Task statement: Pictures in the listing below are skipped, while the lines from the "Комплект амуниции с" line through the "車幅いっぱいの幅を持ち3名掛" line are returned word for word.

*** Information Section Begins ***

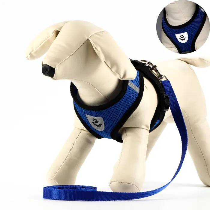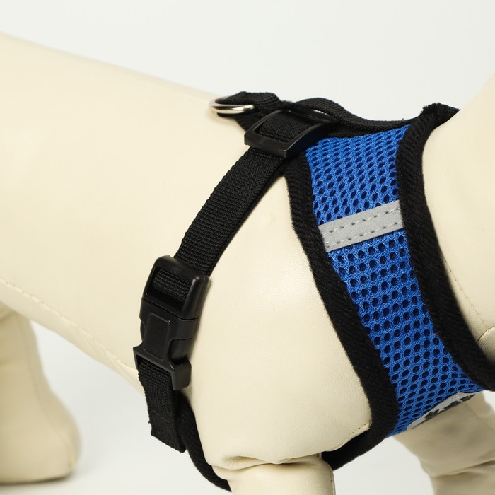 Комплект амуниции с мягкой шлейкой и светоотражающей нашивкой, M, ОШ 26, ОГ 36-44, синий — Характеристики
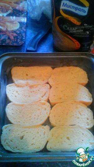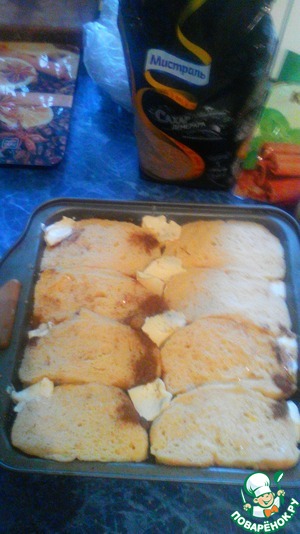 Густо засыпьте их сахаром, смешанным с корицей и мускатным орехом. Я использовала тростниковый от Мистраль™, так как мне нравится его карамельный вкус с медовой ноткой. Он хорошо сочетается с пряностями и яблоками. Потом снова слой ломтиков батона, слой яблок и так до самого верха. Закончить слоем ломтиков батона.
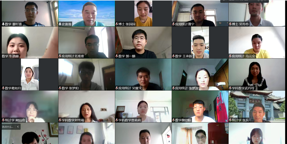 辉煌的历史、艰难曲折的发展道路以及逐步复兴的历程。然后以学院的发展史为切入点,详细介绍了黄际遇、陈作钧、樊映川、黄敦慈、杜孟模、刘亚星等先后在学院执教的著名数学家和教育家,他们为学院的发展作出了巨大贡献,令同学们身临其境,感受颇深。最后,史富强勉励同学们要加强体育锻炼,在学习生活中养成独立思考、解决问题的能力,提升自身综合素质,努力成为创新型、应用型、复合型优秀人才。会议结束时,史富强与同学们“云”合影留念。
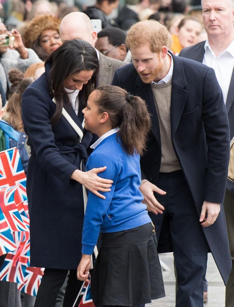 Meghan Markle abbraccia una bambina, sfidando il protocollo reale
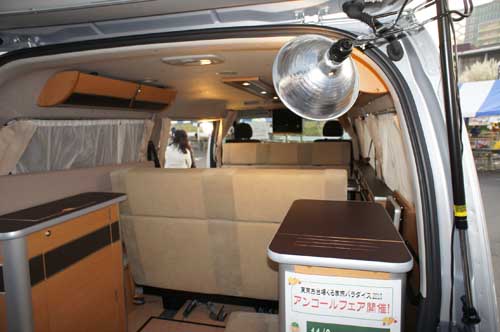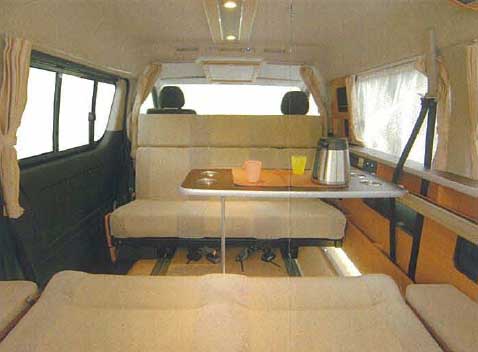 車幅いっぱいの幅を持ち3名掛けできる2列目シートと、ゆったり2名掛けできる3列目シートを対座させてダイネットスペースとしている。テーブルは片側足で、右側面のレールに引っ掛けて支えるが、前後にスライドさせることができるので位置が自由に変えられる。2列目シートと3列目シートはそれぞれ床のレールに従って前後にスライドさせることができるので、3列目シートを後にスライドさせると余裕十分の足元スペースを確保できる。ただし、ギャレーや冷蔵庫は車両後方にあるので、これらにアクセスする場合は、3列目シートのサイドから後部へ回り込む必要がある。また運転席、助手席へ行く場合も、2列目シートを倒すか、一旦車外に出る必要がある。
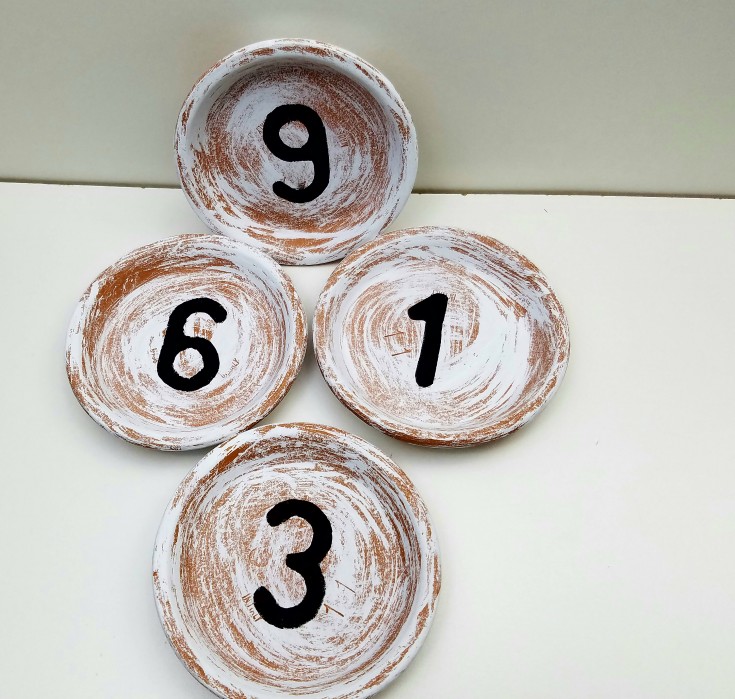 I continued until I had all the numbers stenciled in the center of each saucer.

*** Information Section Ends ***
*** Information Section Begins ***

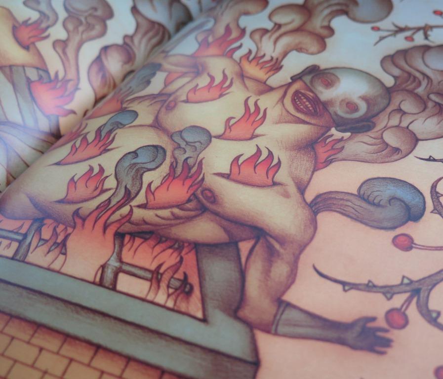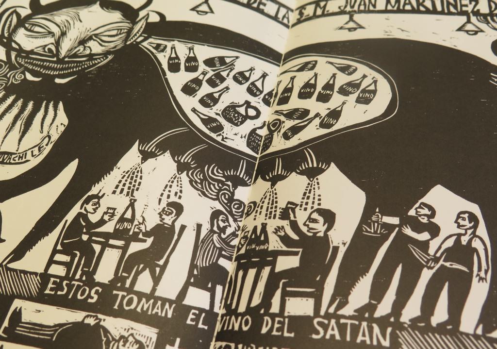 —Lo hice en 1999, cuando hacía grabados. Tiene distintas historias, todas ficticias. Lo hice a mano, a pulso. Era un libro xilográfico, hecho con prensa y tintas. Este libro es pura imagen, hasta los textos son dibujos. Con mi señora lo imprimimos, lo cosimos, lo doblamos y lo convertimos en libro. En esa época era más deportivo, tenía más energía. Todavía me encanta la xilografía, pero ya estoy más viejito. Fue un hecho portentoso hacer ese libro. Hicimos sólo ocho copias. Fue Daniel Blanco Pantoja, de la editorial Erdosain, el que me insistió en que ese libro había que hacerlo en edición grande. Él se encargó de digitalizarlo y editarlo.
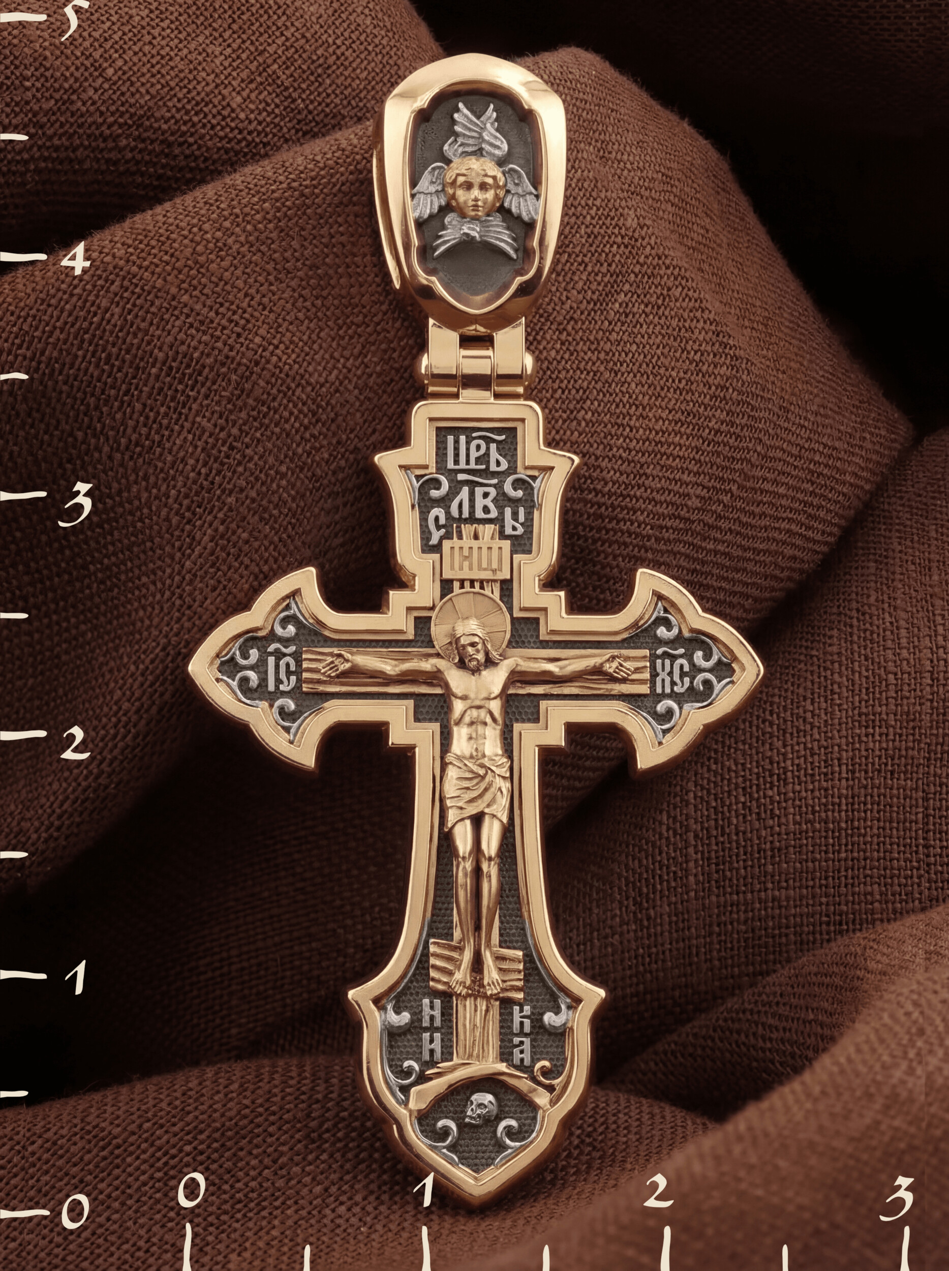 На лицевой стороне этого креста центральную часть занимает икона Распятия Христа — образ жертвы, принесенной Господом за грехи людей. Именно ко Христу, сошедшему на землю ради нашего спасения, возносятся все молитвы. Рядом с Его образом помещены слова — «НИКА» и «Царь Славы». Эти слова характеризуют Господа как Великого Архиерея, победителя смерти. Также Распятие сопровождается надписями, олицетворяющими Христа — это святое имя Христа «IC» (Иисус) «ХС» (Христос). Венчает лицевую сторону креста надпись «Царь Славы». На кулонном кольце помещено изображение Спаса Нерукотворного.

*** Information Section Ends ***
*** Information Section Begins ***

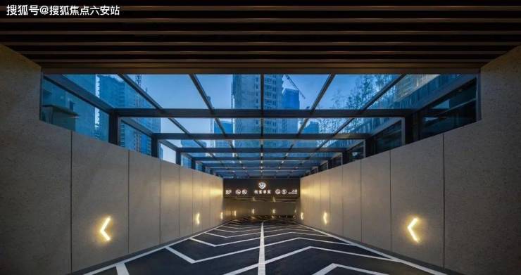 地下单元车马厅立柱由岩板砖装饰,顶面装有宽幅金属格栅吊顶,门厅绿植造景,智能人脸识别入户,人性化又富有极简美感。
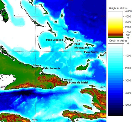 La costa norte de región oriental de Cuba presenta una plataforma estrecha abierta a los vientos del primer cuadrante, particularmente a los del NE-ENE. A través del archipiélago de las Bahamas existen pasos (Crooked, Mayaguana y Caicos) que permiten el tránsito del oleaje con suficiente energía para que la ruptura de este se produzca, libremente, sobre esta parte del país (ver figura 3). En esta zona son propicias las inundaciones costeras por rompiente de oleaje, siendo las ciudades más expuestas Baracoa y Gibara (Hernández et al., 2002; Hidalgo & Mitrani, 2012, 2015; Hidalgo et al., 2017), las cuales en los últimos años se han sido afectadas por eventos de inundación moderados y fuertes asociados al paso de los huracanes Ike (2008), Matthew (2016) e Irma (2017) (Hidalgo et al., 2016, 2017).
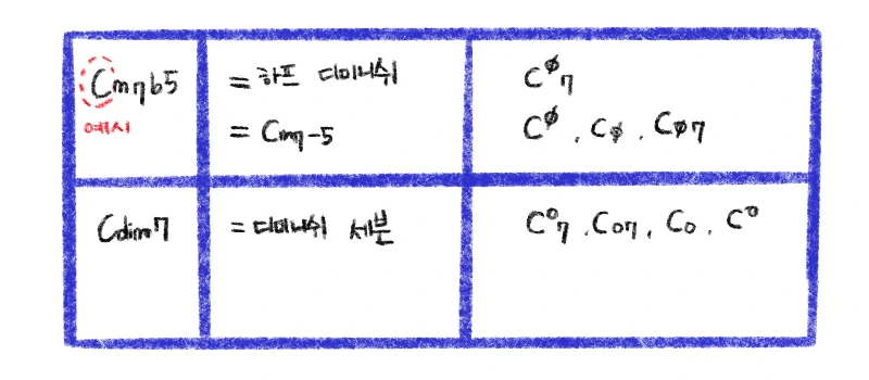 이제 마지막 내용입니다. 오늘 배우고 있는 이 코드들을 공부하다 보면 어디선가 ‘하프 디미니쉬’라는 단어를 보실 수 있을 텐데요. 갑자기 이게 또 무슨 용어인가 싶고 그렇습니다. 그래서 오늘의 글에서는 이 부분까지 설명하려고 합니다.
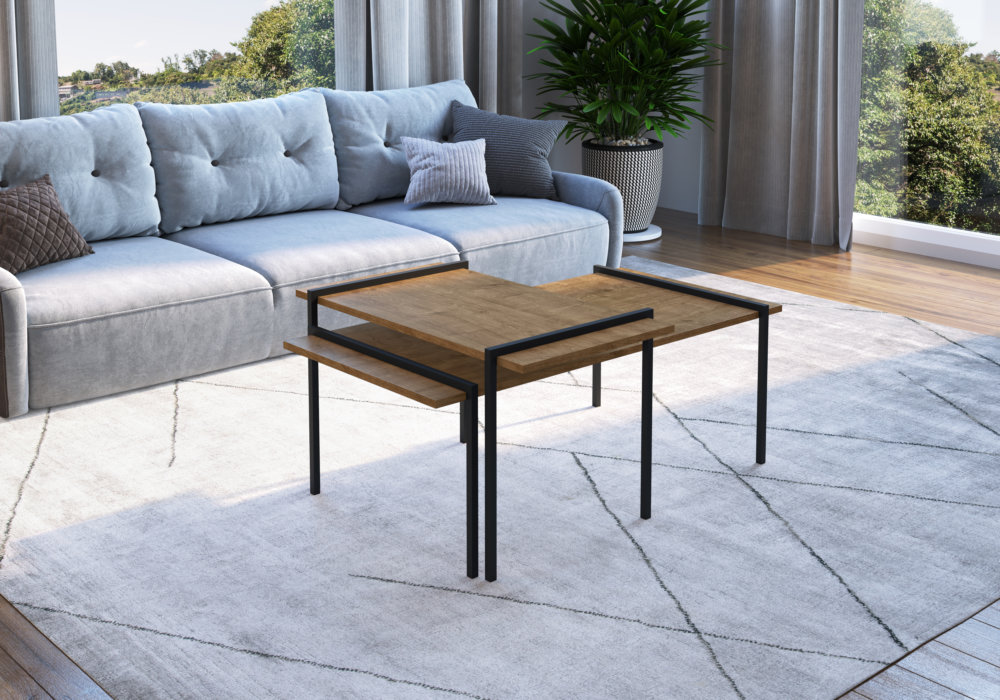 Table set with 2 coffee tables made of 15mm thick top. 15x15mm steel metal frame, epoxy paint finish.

*** Information Section Ends ***

Output:
 Комплект амуниции с мягкой шлейкой и светоотражающей нашивкой, M, ОШ 26, ОГ 36-44, синий — Характеристики
 Густо засыпьте их сахаром, смешанным с корицей и мускатным орехом. Я использовала тростниковый от Мистраль™, так как мне нравится его карамельный вкус с медовой ноткой. Он хорошо сочетается с пряностями и яблоками. Потом снова слой ломтиков батона, слой яблок и так до самого верха. Закончить слоем ломтиков батона.
 辉煌的历史、艰难曲折的发展道路以及逐步复兴的历程。然后以学院的发展史为切入点,详细介绍了黄际遇、陈作钧、樊映川、黄敦慈、杜孟模、刘亚星等先后在学院执教的著名数学家和教育家,他们为学院的发展作出了巨大贡献,令同学们身临其境,感受颇深。最后,史富强勉励同学们要加强体育锻炼,在学习生活中养成独立思考、解决问题的能力,提升自身综合素质,努力成为创新型、应用型、复合型优秀人才。会议结束时,史富强与同学们“云”合影留念。
 Meghan Markle abbraccia una bambina, sfidando il protocollo reale
 車幅いっぱいの幅を持ち3名掛けできる2列目シートと、ゆったり2名掛けできる3列目シートを対座させてダイネットスペースとしている。テーブルは片側足で、右側面のレールに引っ掛けて支えるが、前後にスライドさせることができるので位置が自由に変えられる。2列目シートと3列目シートはそれぞれ床のレールに従って前後にスライドさせることができるので、3列目シートを後にスライドさせると余裕十分の足元スペースを確保できる。ただし、ギャレーや冷蔵庫は車両後方にあるので、これらにアクセスする場合は、3列目シートのサイドから後部へ回り込む必要がある。また運転席、助手席へ行く場合も、2列目シートを倒すか、一旦車外に出る必要がある。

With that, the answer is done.